The technology, education, and e-commerce sectors were the hardest hit by data leaks over a three-year period that saw more than 7.8 billion email records exposed across nearly 10,000 major incidents.
An analysis of the breaches found that 90% contained email addresses, 32% exposed credentials, and 12.3% sensitive government-issued identifiers like SSNs.
“The technology, education, and e-commerce sectors are attractive targets because they serve large numbers of users and store vast amounts of personal data, making them both valuable and vulnerable to attack. These industries must prioritise security investments and robust employee training to protect the data they hold,” says Karolis Arbaciauskas, head of product at NordPass.

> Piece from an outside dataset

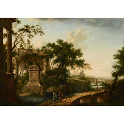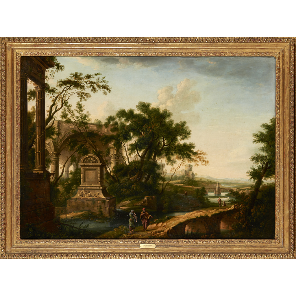 A CLASSICAL LANDSCAPE WITH FIGURES BY RUINS

Other frequently targeted sectors included retail, finance, hospitality, media, and manufacturing. While the financial sector saw fewer incidents compared to the top three industries and retail, those that did occur were often more severe, exposing a much higher average number of emails per leak, research shows.
Hackers shift strategy
Across nearly all classified industries, leak volume declined in 2025. However, researchers caution that a lower number of leaks does not mean lower risk.
“Leak activity continues to focus on highly digital industries that collect large volumes of valuable user credentials and personal data. A lower number of leaks does not mean lower risk because several industries recorded higher average leak sizes, increasing potential impact despite lower incident counts. Continued investment in sector specific controls, including third party risk management, credential protection, and monitoring of underground markets, is critical to reducing exposure,” says Arbaciauskas.
Mantas Sabeckis, the senior threat intelligence researcher at Nord Security who headed the research, adds that this reduction may also partially reflect threat actors’ shifting strategy. According to him, the cybercriminal underground’s shift toward infostealer malware enables near real time credential harvesting and direct access to targeted services without relying on large scale leaked database dumps.
The decrease may also be attributed to disruptions within the leak database ecosystem itself, including the takedown of several leak forums and marketplaces in 2025. These actions by law enforcement reduced the public visibility of leaked databases, further decentralising the market into smaller channels or private groups.
Private vs. public sector
Researchers also looked into government versus private sector exposure trends. Data shows that private sector organisations accounted for the majority (53%) of identified exposures – 1,632 leaks compared to just 10% (317 leaks) impacting government entities. This reflects both the larger private sector attack surface (there are more private companies than governmental institutions) and the higher monetisation value of commercial datasets.
Private sector leaks not only occur more often but also expose significantly larger datasets, increasing risk to individuals through phishing, fraud, and credential-based attacks. Government leaks, while less frequent in publicly observed datasets, remain high impact due to the sensitive nature of the information involved and the potential for geopolitical or intelligence exploitation.
How to protect yourself
According to Arbaciauskas, reducing impact requires action from both organisations and individuals.
For organisations:
- Minimise the volume of personal data stored and segment critical systems to limit breach scope.
- Strengthen credential protection with hardware-backed authentication and protect endpoints against infostealer malware.
- Monitor for leaked credentials and act quickly to contain incidents before they scale.
For individuals:
- Employ a password manager, use unique passwords, and enable multi-factor authentication to prevent stolen credentials from being reused across services.
- After major breach disclosures, stay alert for phishing and targeted scams.
- If you notice suspicious activity on an account, reset your credentials immediately and review connected accounts.
Research methodology
This report is the result of a joint effort between NordPass and NordStellar. The dataset includes publicly available leaked databases detected by NordStellar between 2023 and 2025. Each entry was processed through an AI-assisted classification pipeline (nexos.ai), which analysed available leak metadata, including origin domains, top-level domains, descriptions, referenced organisations, and dataset contents, to determine sector, geographic attribution, and organisation type (public or private).
Leaks were categorised as ‘country specific’ when available metadata indicated a primary country association. Otherwise, they were marked as ‘global’ or ‘unknown.’ From the 3,031 leaks recorded in 2025, NordStellar extracted reported email counts and recorded the presence of additional data types, including phone numbers, credentials (plaintext or hashed passwords, API keys), government identifiers, and financial records. Email totals reflect aggregated account records and may include mixed account types (e.g., customer, employee, administrative, or user accounts) because precise differentiation was not feasible. No personal data was acquired or purchased for this research.